Conventional CNN designs can only generate real-valued predictions and require further postprocessing (e.g., hard thresholding or Bernoulli sampling) at test time to obtain the final binary-valued pianorolls. This raises the following two issues.
Naïve methods for binarizing a pianoroll at test time can easily lead to overly-fragmented notes.
Strategy | Result |
---|---|
raw prediction of the pretrained G |
|
Bernoulli sampling (at test time) |
|
hard thresholding (at test time) |
The real-valued predictions generated by the generator G in GAN may lead to difficulties in training the discriminator counterpart D. The following figure illustrates the decision boundaries (red dashed lines) that D has to learn in different scenarios.
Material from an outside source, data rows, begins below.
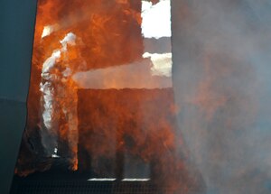 Members of Homestead Air Reserve Base Fire Department recently conducted aircraft live fire training on a mock aircraft here. Fires can heat up to approximately 1,200 degrees. The aircraft live fire training consists of responding to the fire, setting up on the aircraft, deploying hose lines, and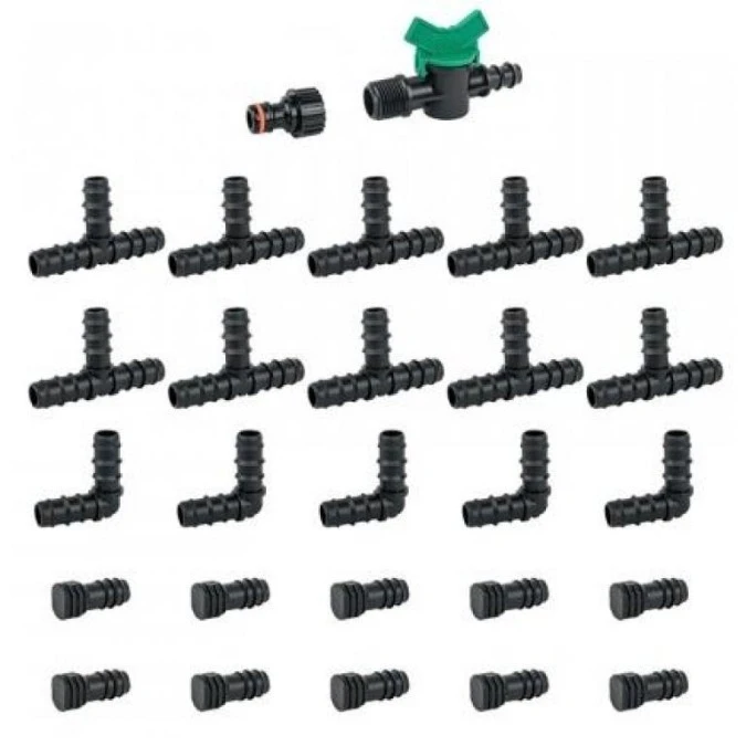 Zestaw akcesoriów do linii kroplującej 16mm (przyłącze, zawór, trójniki, kolanka, zaślepki) 27 elementów BRADAS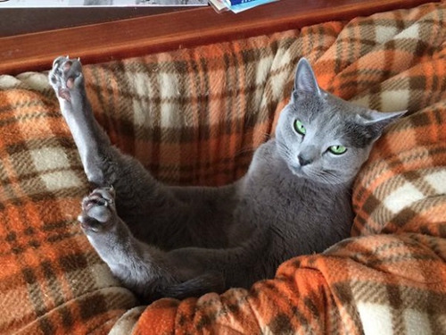 照片中,只見一只灰色的貓咪以接近四腳朝天的姿勢“坐”在柔軟的臥榻之上,仿佛十分享受地沉浸在自己的那一塊小空間里。見到主人過來拍照,小家伙沒有絲毫羞怯,反倒用慵懶銷魂的眼神望向鏡頭,享受著這種“坐姿”帶給自己的快樂。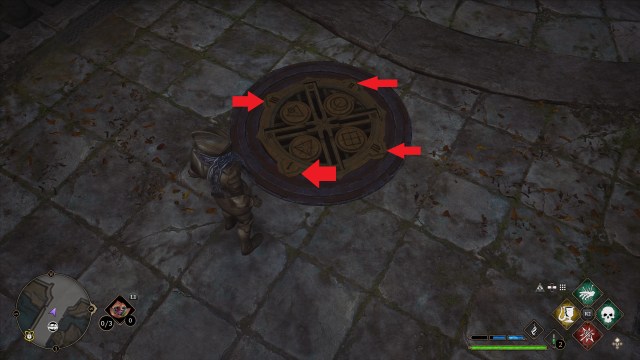 Как только вы разблокируете Incendio, взаимодействуйте с жаровнями на мосту и вращайте римские цифры, чтобы они соответствовали символам. Используя круглое блюдо, использованное ранее, вы сопоставите символы жаровни, что приведет к открытию блюда, как только вы решите головоломку.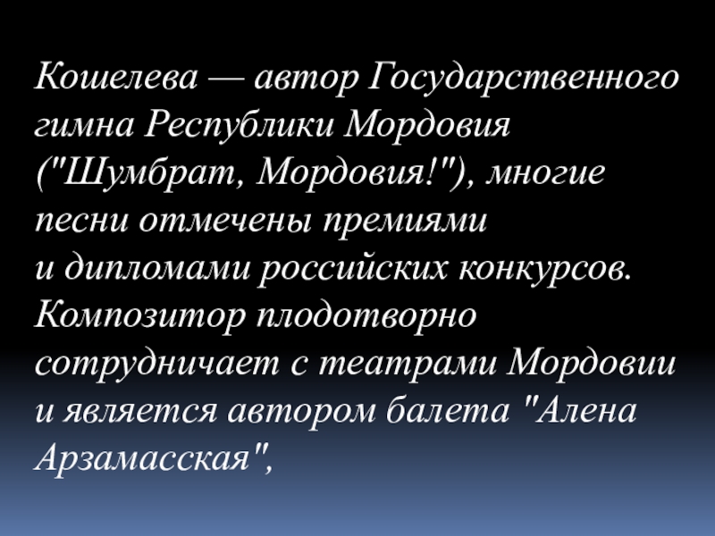 Слайд 14Кошелева — автор Государственного гимна Республики Мордовия ("Шумбрат, Мордовия!"), многие песни отмечены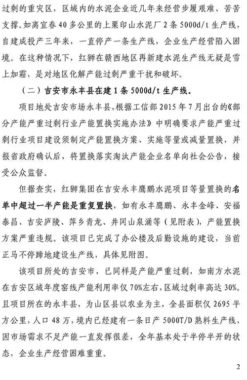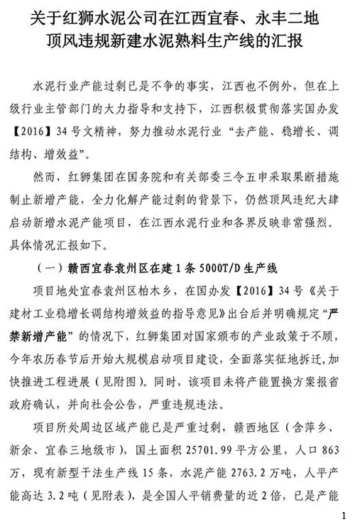 近日,水泥人网又接到举报,举报红狮水泥在江西、广西违规新建、批小建大、无证开采。红狮水泥真是一波未平一波又起。不久前,湖南永州东安红狮水泥违规新建生产线被几百人联名举报,引起了社会的热议,国家工信部、湖南省经信委正在调查此事,这个调查结果还没出来,这又出现新的举报材料,违规举报材料如下: 关于红狮水泥公司在江西宜春、永丰二地涉嫌违规新建水泥熟料生产线的举报材料如下: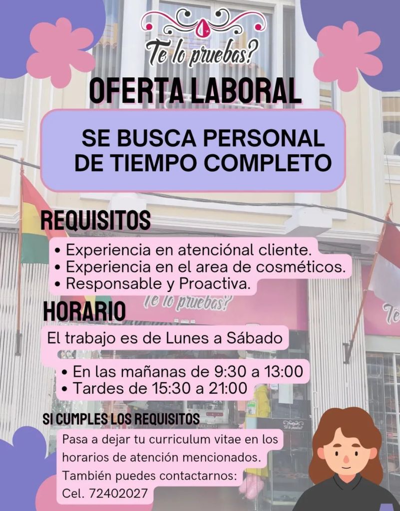 10. TE LO PRUEBAS requiere Personal de tiempo completo, para Atención al Cliente en el área de Cosméticos, de lunes a sábado. Interesados comunicarse y enviar su Currículum Vitae al 72402027
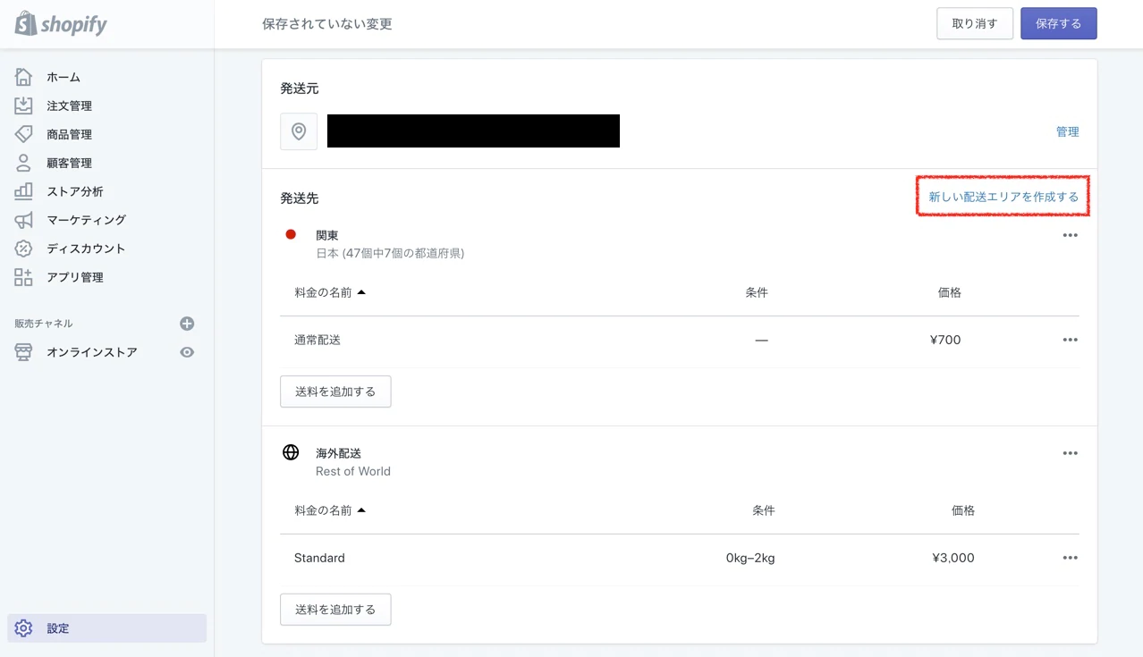 発送先の[新しい配送エリアを作成する]をクリックします。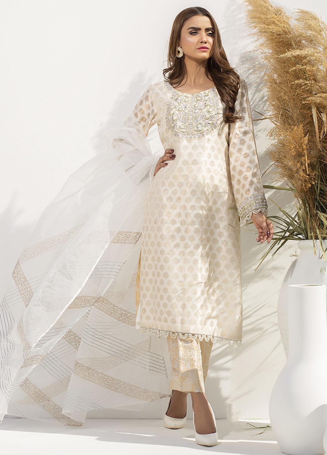 Straight Masuri shirt with a wonderful gold and silver colored round embroidery on the neckline detailed with pearls and sequins embellishments. Unique pearls finishing on the sleeves and bottom highlights the dress

The decision boundaries divide the space into the real class (in blue) and the fake class (in red). The black and red dots represent the real data and the fake ones generated by G, respectively. We can see that the decision boundaries are easier to learn when G outputs binary values (left) rather than real values (right).
Moreover, after passing through the first few convolutional layers of D, a real-valued pianoroll generated by the G may look similar to a binary-valued pianoroll sampled from real data. As a result, G does not need to “learn hard” to generate realistic results (e.g. binary-valued ones) for it already has a shortcut to create the so-called adversarial examples to fool D.